Следует отметить, что ведущие мировые игроки осознают произошедшие за последние годы сдвиги, и при попытках манипулировать российскими элитами, в том числе и в отношении АТР, пытаются адресоваться прежде всего к их интересам. Правда, при профессиональном и творческом обращении с фактурой реальные интересы все равно подменяются мнимыми. В настоящее время в российском информационном пространстве, околовластных кругах и экспертном сообществе отражается конфликт двух точек зрения, который можно условно назвать «битвой за Россию».
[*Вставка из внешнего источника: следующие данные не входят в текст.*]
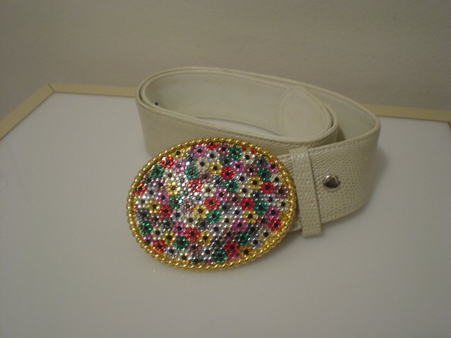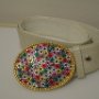 White belt with big rhinestone buckle
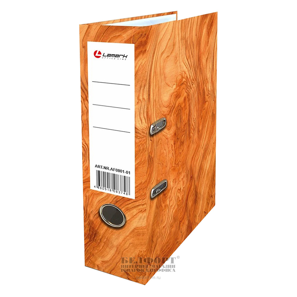 Папка-регистратор А4, арочный механизм, ширина корешка 75мм, картон ламинированный, светло-коричневая, Lamark, "Дерево", внутреннее поле для записей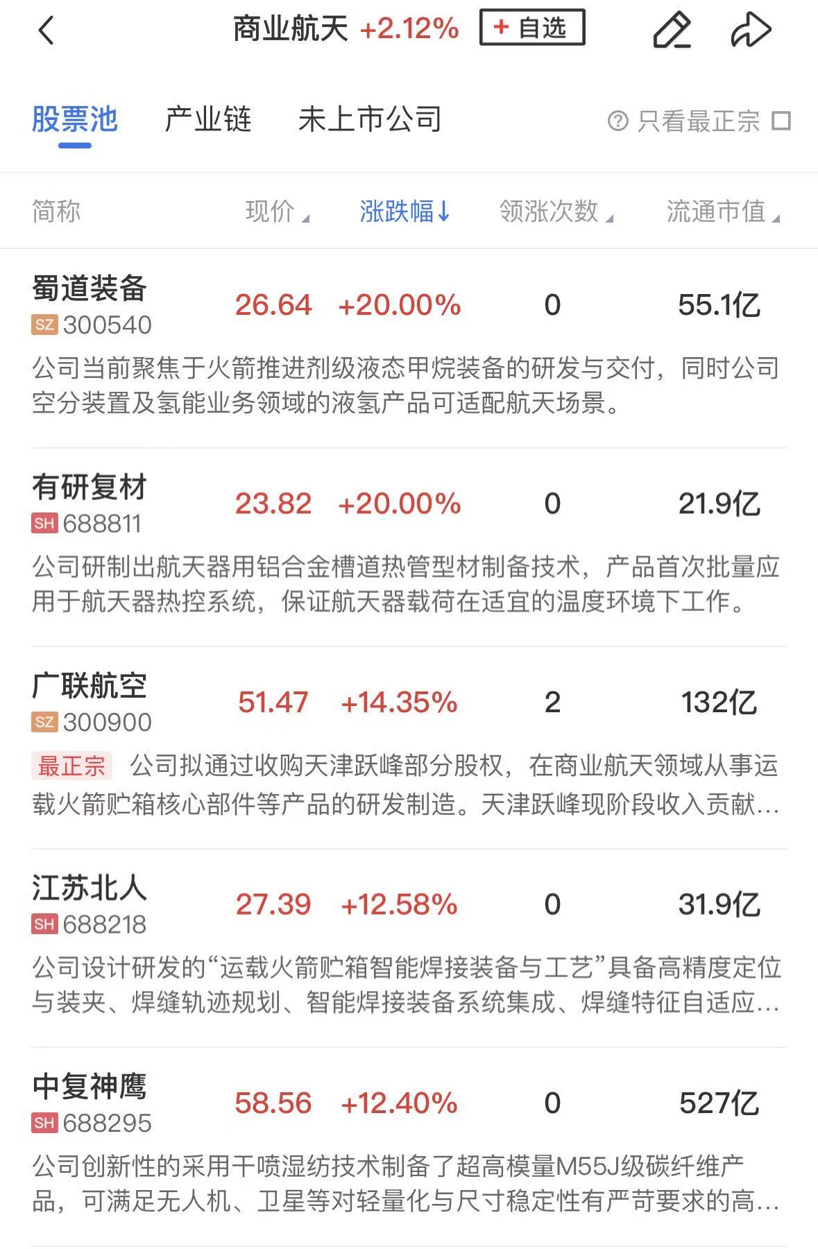 商业航天概念涨幅居前,中国卫星、博云新材、西部材料、中衡设计、有研复材涨停。广联航空、通光线缆、中国卫通、乾照光电等个股涨幅居前。

Более активна «антикитайская партия». Формат и объем данной статьи не позволяют подробно проанализировать ее аргументы и тем более привести контрдоводы, но в целом представляется, что ее сторонники апеллируют к существующим трендам и рискам, при этом, однако, заметно их преувеличивая.

В качестве альтернативы во многом мнимой «китайской угрозе» России предлагается интеграция в евро-атлантическое сообщество безопасности (естественно, лишь на правах «совещательного голоса») с дальнейшей проекцией этого «союза» на АТР. Другими словами, Запад предлагает Москве добровольно стать «прифронтовой полосой» в назревающем конфликте с КНР, но не влиять на выработку решений, напрямую касающихся России (если она действительно войдет в «антикитайский фронт»). Иначе, по мнению приверженцев данной концепции, «России одной с Китаем не справиться». В целом данное утверждение справедливо, если бы сомнения не вызывали два других тезиса, на которых оно базируется: 1) рано или поздно военный конфликт между Москвой и Пекином неизбежен; 2) две страны будут воевать в абсолютном вакууме – остальные игроки как в АТР, так и во всем мире останутся безучастными.

В свою очередь китайская сторона, ранее оставлявшая без внимания информационную обработку российских элит, в последнее время заметно интенсифицировала усилия в данном направлении. Успешно воспроизводя западные технологии, она не оставляет без внимания и достижения Запада в гуманитарной сфере, в частности, все более системно применяя в России методы идеологического программирования с использованием формально независимых экспертных центров и СМИ. Правда, как КНР, так и Запад в своей «битве за Россию» идут на одно сознательное упрощение. АТР – это не только и не столько Китай, пусть и являющийся самым влиятельным игроком в регионе, но и еще множество стран и зарождающихся блоков, которые при умелом конструировании и лавировании между ними могут стать ценными партнерами. Таким образом, ни КНР, ни тем более Запад не могут стать для России «окном в АТР» – она пока в силу географического положения может проецировать и отстаивать свои интересы в регионе напрямую.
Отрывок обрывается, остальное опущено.